WHAT THE TASK ASKS -> Look in the listing below for the line that has "For a vibrant", then return it and each following line up to and including the one with "Home > Products", exactly and without pictures.

ENTRIES SHOWN ->
_____
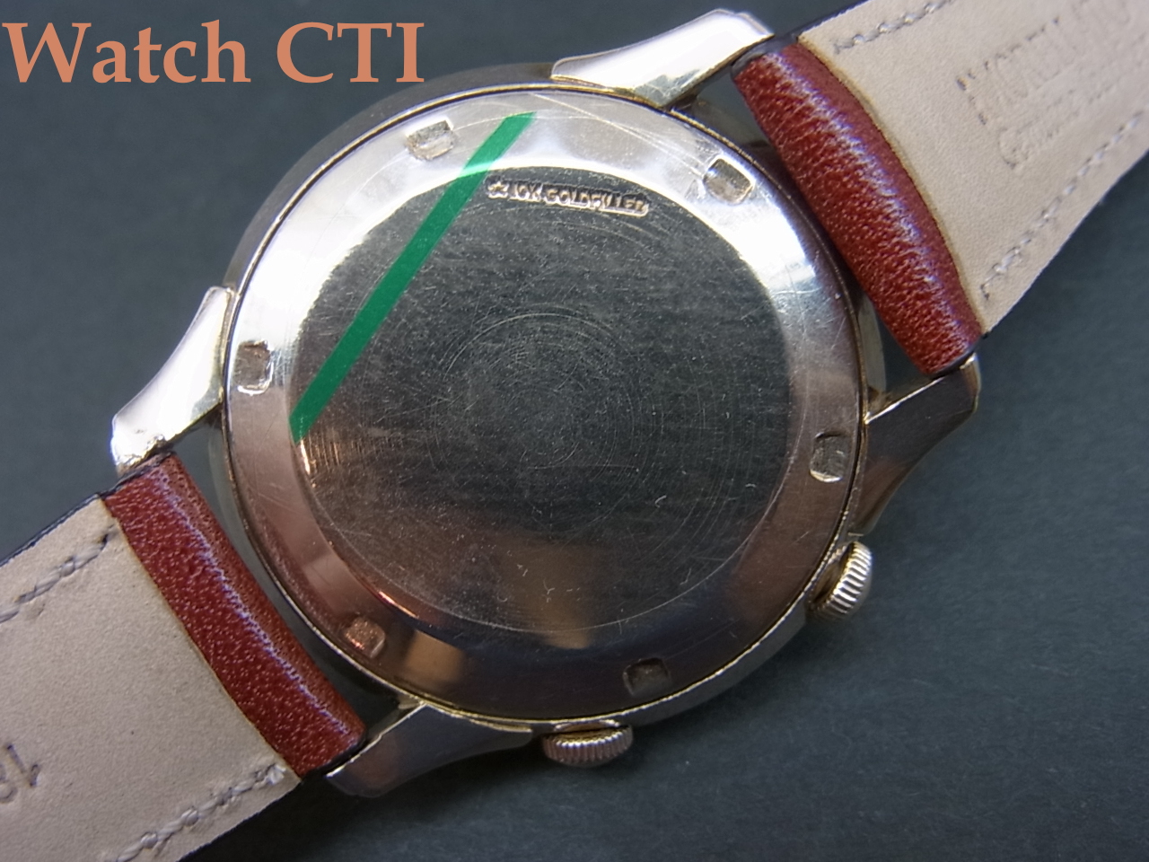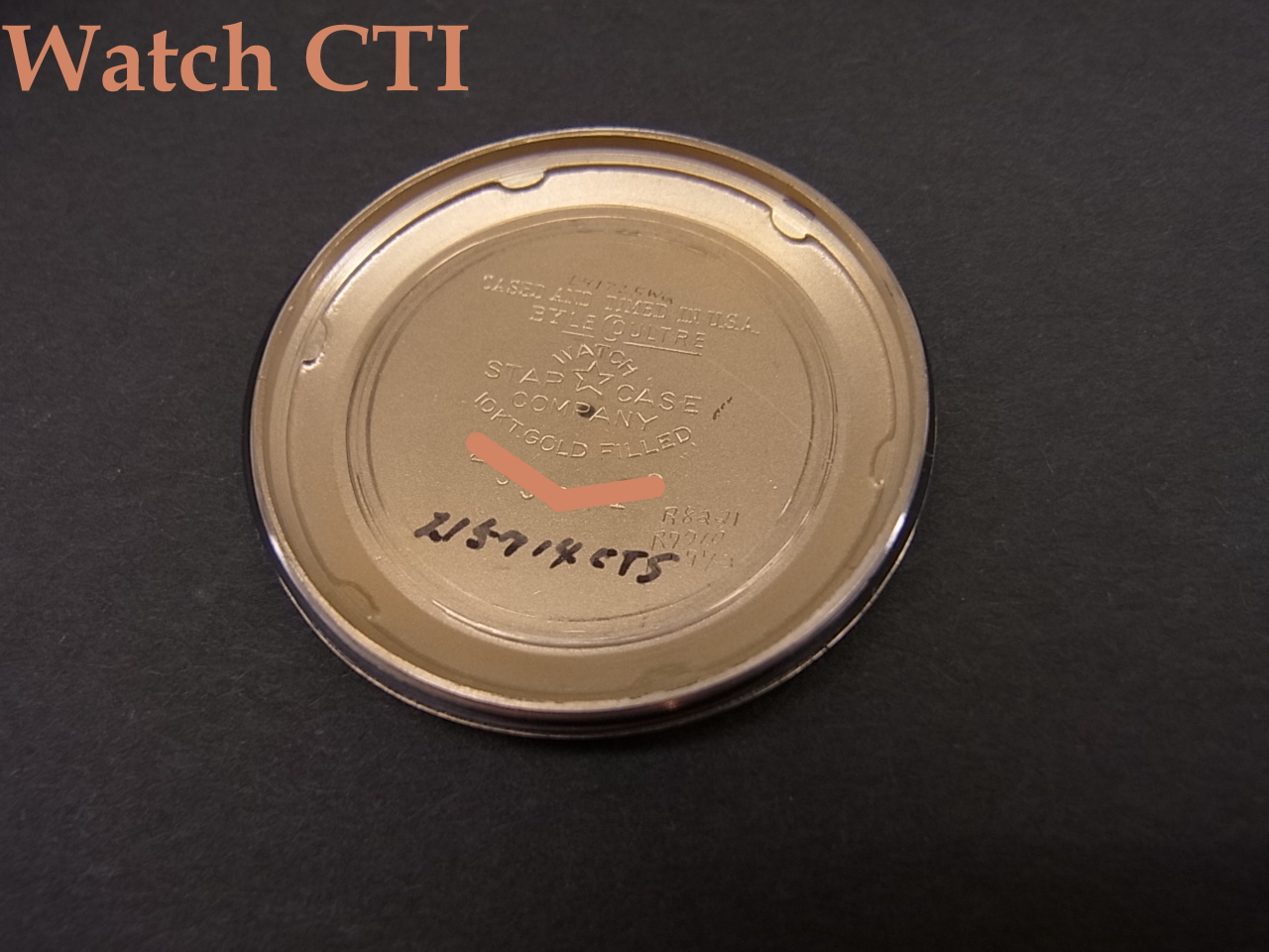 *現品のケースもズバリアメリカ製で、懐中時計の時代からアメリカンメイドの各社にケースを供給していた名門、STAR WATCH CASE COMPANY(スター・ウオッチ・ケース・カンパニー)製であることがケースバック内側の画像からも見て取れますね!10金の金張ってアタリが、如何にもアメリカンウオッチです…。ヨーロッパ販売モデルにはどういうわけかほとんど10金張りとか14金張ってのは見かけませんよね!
_____
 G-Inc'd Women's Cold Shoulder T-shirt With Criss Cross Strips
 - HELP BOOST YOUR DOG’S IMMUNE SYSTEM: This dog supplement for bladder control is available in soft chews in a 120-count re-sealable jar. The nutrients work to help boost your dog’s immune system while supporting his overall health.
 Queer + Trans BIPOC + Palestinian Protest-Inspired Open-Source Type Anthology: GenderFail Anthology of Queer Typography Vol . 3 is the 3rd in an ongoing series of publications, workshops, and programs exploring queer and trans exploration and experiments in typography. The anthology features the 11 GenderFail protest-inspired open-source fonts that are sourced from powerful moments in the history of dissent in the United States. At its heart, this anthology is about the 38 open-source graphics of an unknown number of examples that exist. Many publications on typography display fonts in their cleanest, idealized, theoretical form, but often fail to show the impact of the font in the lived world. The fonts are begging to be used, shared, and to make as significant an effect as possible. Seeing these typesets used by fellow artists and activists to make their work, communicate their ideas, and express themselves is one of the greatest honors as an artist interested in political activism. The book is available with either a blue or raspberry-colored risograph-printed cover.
_____
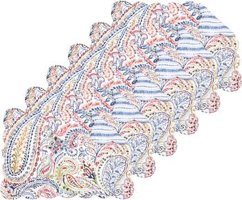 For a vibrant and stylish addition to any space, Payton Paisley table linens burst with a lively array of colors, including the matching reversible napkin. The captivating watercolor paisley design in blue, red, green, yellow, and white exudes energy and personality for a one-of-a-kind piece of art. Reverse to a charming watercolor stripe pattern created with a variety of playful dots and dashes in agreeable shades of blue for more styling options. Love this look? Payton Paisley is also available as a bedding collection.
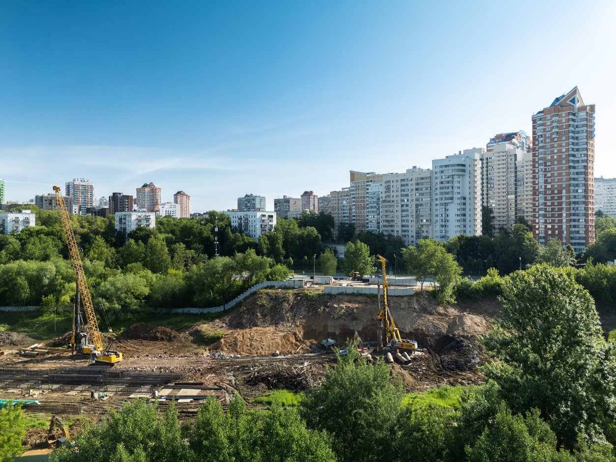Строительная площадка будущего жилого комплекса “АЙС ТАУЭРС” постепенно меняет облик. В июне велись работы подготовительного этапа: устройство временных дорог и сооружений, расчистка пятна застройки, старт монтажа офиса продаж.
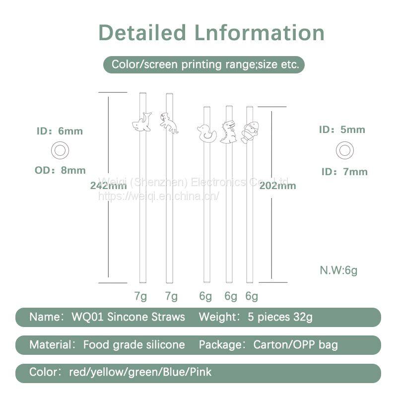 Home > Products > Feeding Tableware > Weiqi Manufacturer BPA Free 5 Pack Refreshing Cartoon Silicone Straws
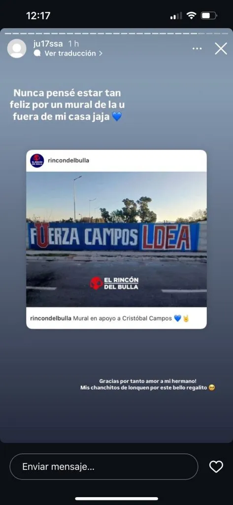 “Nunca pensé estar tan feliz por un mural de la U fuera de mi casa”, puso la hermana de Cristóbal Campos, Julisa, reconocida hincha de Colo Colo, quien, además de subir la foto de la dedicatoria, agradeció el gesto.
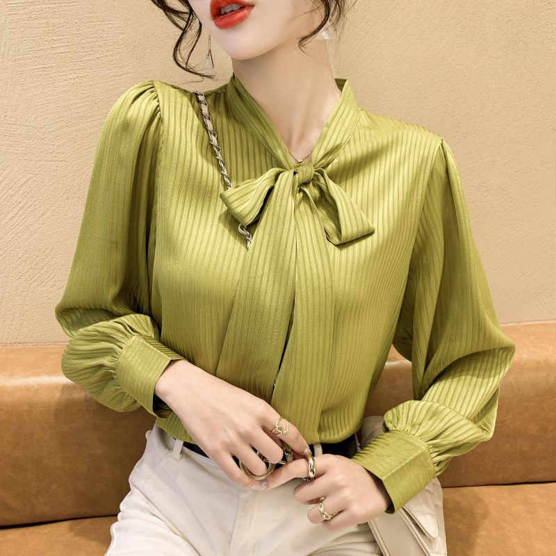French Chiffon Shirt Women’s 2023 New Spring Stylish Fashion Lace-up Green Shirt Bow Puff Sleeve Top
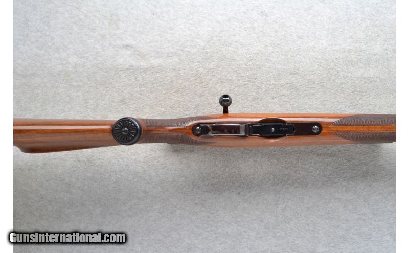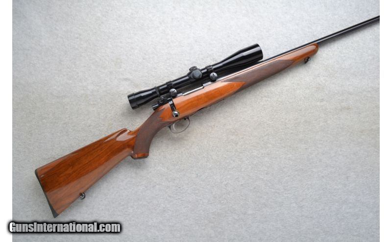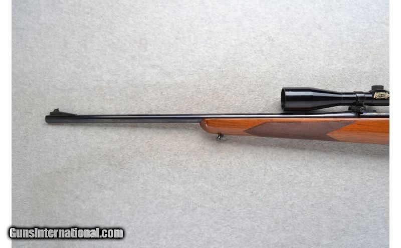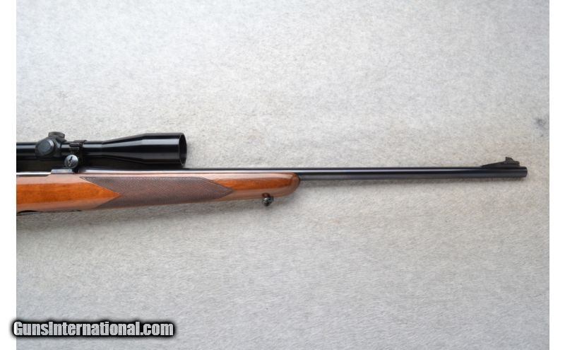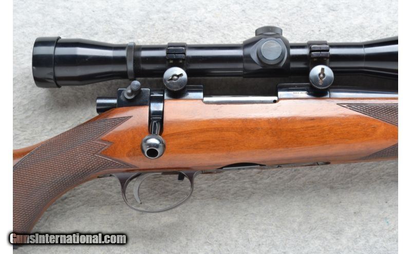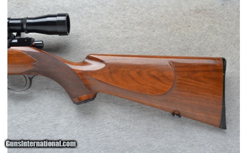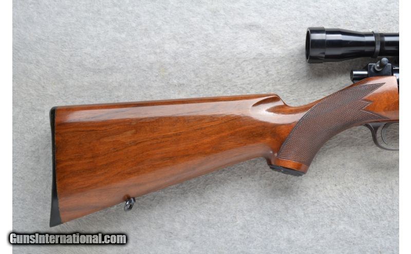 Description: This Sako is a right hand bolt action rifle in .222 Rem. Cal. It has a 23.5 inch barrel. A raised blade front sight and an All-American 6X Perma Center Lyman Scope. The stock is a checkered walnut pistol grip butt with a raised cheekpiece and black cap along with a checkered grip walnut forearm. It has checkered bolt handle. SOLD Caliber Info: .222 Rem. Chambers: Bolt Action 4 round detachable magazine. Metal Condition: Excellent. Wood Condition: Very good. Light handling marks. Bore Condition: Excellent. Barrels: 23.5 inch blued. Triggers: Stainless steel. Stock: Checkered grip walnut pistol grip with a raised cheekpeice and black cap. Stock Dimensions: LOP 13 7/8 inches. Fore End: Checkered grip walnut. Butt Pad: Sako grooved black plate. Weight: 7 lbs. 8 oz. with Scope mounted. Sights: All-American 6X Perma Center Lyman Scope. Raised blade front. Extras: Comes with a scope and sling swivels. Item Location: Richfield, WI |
_____
EXERCISE ANSWER ->
 For a vibrant and stylish addition to any space, Payton Paisley table linens burst with a lively array of colors, including the matching reversible napkin. The captivating watercolor paisley design in blue, red, green, yellow, and white exudes energy and personality for a one-of-a-kind piece of art. Reverse to a charming watercolor stripe pattern created with a variety of playful dots and dashes in agreeable shades of blue for more styling options. Love this look? Payton Paisley is also available as a bedding collection.
Строительная площадка будущего жилого комплекса “АЙС ТАУЭРС” постепенно меняет облик. В июне велись работы подготовительного этапа: устройство временных дорог и сооружений, расчистка пятна застройки, старт монтажа офиса продаж.
 Home > Products > Feeding Tableware > Weiqi Manufacturer BPA Free 5 Pack Refreshing Cartoon Silicone Straws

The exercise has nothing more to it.